_WHAT NEEDS TO BE DONE_
Set down the data below from its first line to the line holding "La sudadera trae", inclusive; omit all pictures.

_INFORMATION PROVIDED_
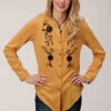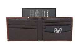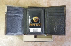 This Ariat ladies belt by M&F Western Products features inlay leather with scalloped edges and is adorned with beautiful silver conchos and rhinestones throughout.
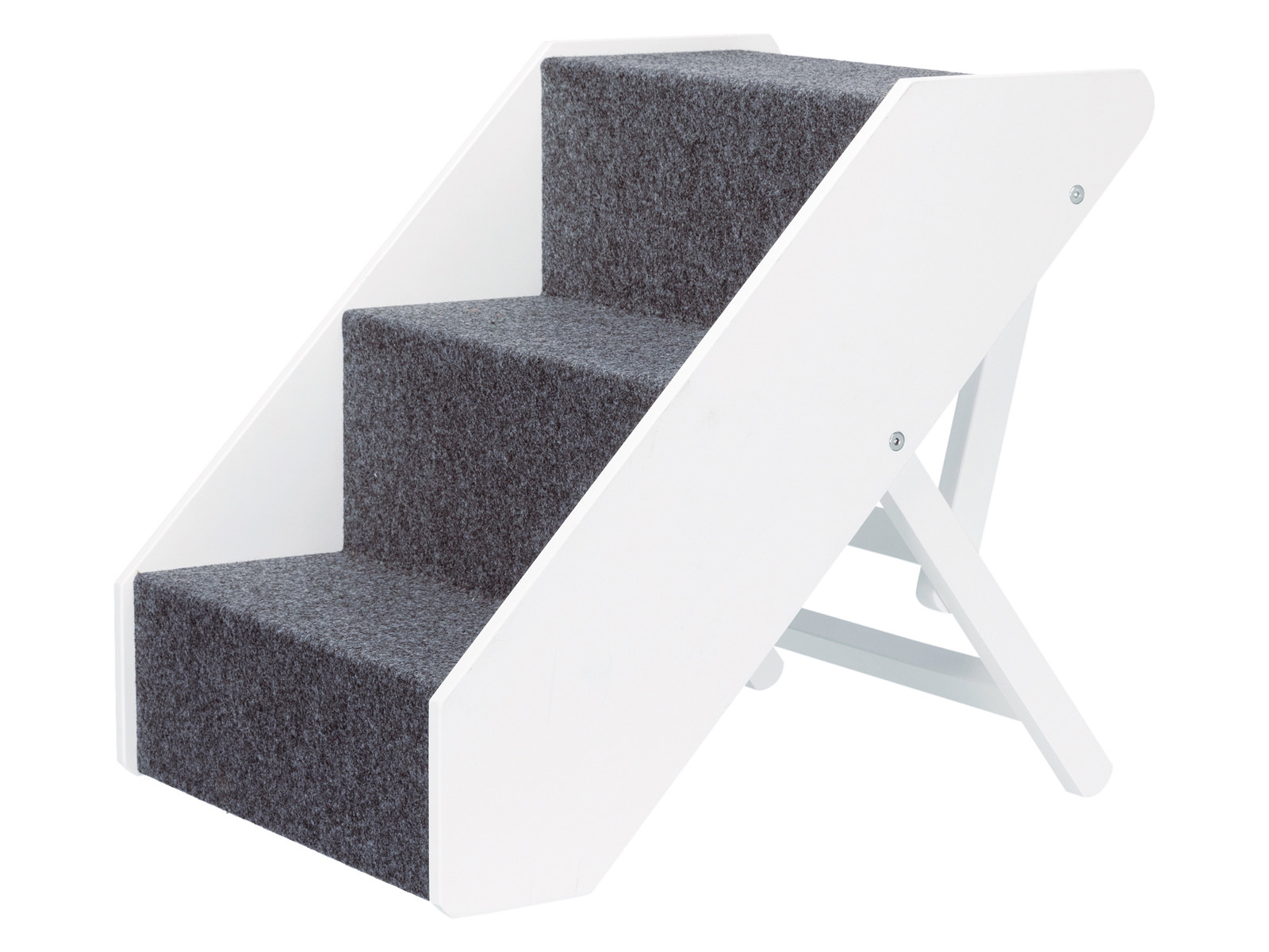 Trixie hundetrappen har skridsikre gummifødder, som sikrer, at den står stabilt, når din hund går på den, ligesom den har en skridsikker filt-belægning, der forhindrer din hund i at glide på trappetrinene.
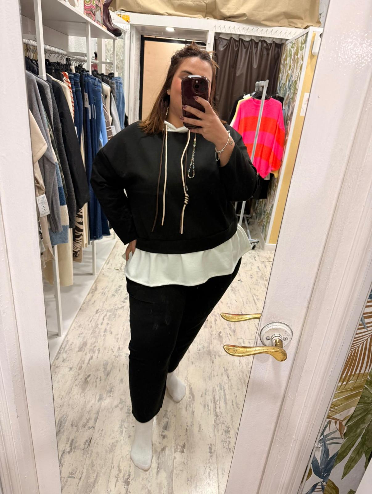 La sudadera trae incorporada en el bajo una camisa y capucha. El pantalón tiene bolsillos, cordón para ajustarlo y es pitillo.
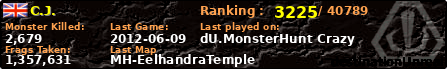 C.J. | | PlayerID: | 2323 | | Overall MHT: | 1,357,631 | | Overall Deaths: | 167 | | Overall Suicides: | 10 | | Overall TeamKills: | 0 | | Overall Distance traveled: | 119km | | Overall Time Spend on Server: | 00days 09h 30m 44s | | Maps Played: | 45 | | Firstgame: | 2010-12-10 10:47:33 | | LastGame: | 2012-06-09 13:39:38 | | Player Ranking Place: | 3225 | | Used Playernames: | C.J. Bolous Soul <[MHA]>Bolous <[BTG]>Bolous -=[CFR]=-Bolous ThisIsIt Bolony Droopin RJ_Roopin Wing Eiffel
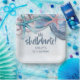 Las placas de papel para el cumpleaños de la playa tienen estampidas acuáticas y conchas marinas con la leyenda "Let's shellabrate" en escritura de escritura azul pizarra. Perfecto para los cumpleaños de un niño o un chica en la playa, la costa y el mar.
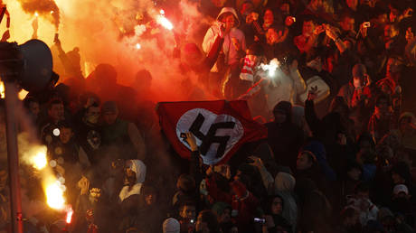 FILE PHOTO: A Nazi flag held by football hooligans during a game in Yaroslavl, Russia in 2013.
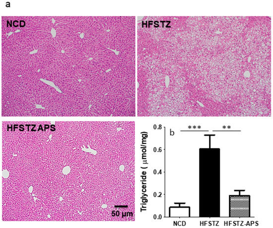 In hematoxylinand eosin (HE)-stained liver section, severe vacuolation of hepatocytes was observed in HFSTZ mice (Figure 4a). We found that APS significantly reduce this vacuolation of hepatocytes. Consistently, HFSTZ-increased liver triacyl glycerol (TG) content was mitigated by APS (Figure 4b).
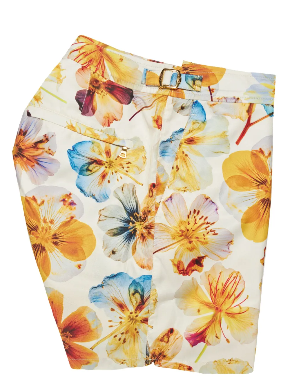 wit/veelkleurig gerecycled polyester all-over bloemenprint drukknoopsluiting en rits aan de voorkant gespsluiting aan zijkant twee steekzakken aan de zijkant achterzak met ritssluiting Zwemkleding moet over je eigen kleding worden aangepast.
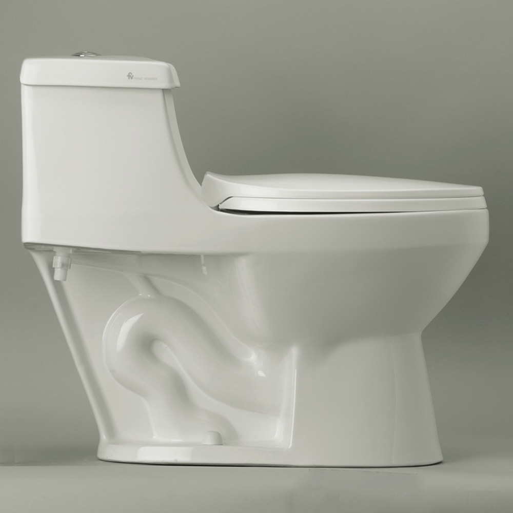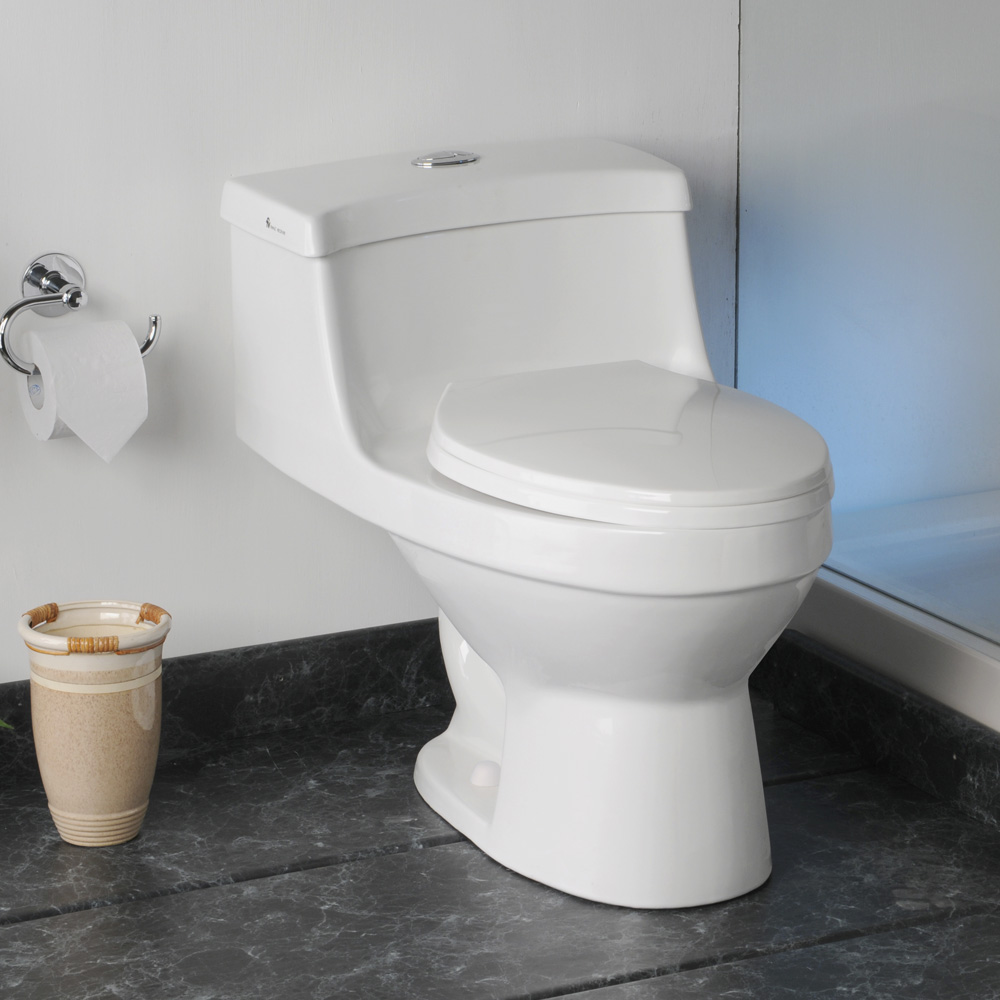 Inodoro con descarga eficiente, cerámica de alta resistencia y diseño confortable; equilibrio entre higiene y durabilidad.
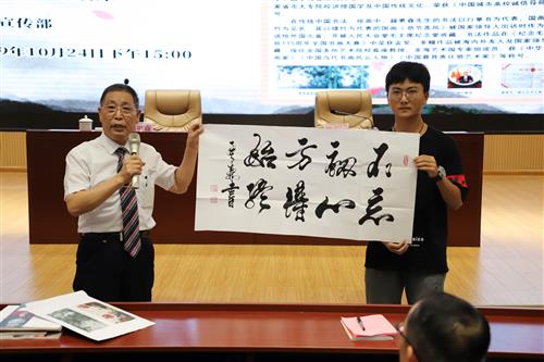 在讲座期间,籍更森先生还将自己的墨宝作为弘扬国学传统文化的纽带,赠予了现场两位老师和两名同学。
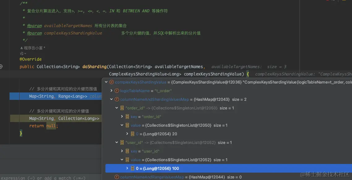 自定义COMPLEX复合分片算法,需要我们实现 ComplexKeysShardingAlgorithm<T> 接口(其中 T 代表接收的分片键值类型),并重写该接口内部的 3 个方法。其中,主要关注用于处理核心分片逻辑的 doSharding()方法,可以返回多个分片数据源或分片表数据;其他两个配置方法与上述类似,这里不再赘述。
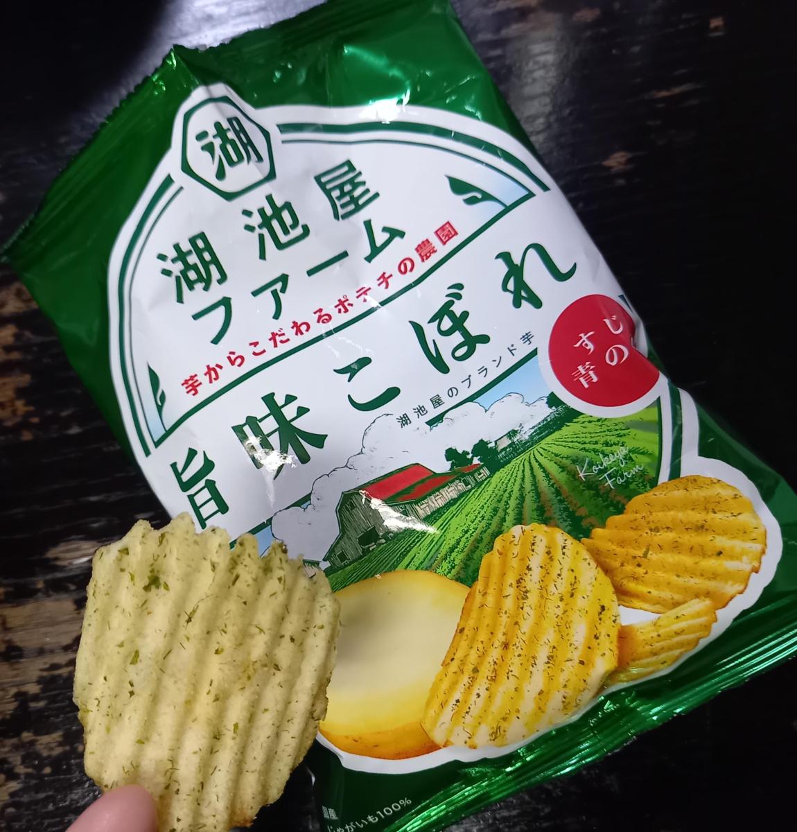ポテチは波型のクリンクルカット、少し硬さのあるサクザクッ良い食感。青のりの良い風味、やや塩っ辛い、のり塩味。揚げてる香ばしさ、お芋の味もしておいしいけど、少し塩っぱいかな。
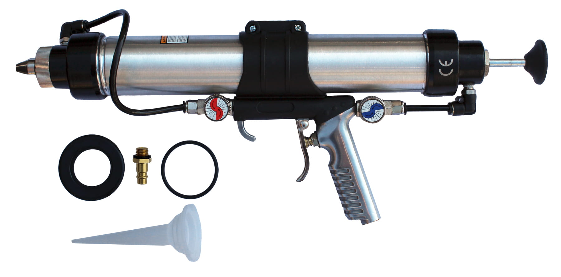 Profesjonalny pneumatyczny pistolet do wyciskania mas uszczelniających, silikonów i klejów (z wyłączeniem klejów do szyb samochodowych).
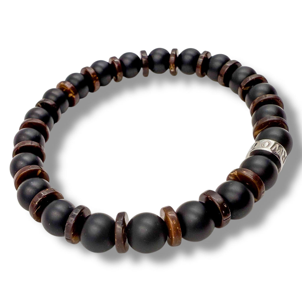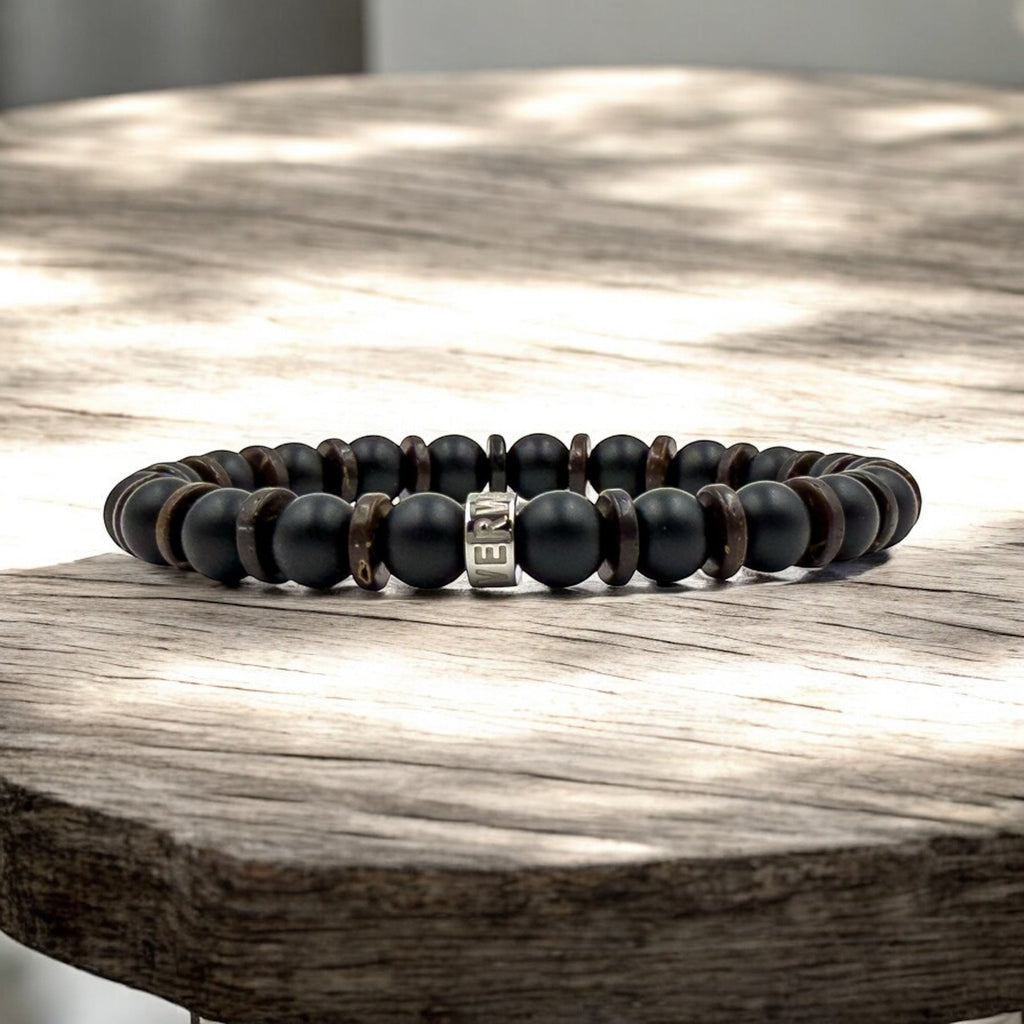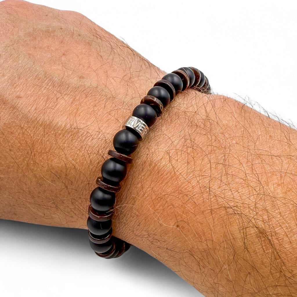 - Premium 8mm Matte Black Onyx and Brown Coconut Beads: Carefully selected for their distinctive texture and durability.

_RESPONSE BELOW_
 This Ariat ladies belt by M&F Western Products features inlay leather with scalloped edges and is adorned with beautiful silver conchos and rhinestones throughout.
 Trixie hundetrappen har skridsikre gummifødder, som sikrer, at den står stabilt, når din hund går på den, ligesom den har en skridsikker filt-belægning, der forhindrer din hund i at glide på trappetrinene.
 La sudadera trae incorporada en el bajo una camisa y capucha. El pantalón tiene bolsillos, cordón para ajustarlo y es pitillo.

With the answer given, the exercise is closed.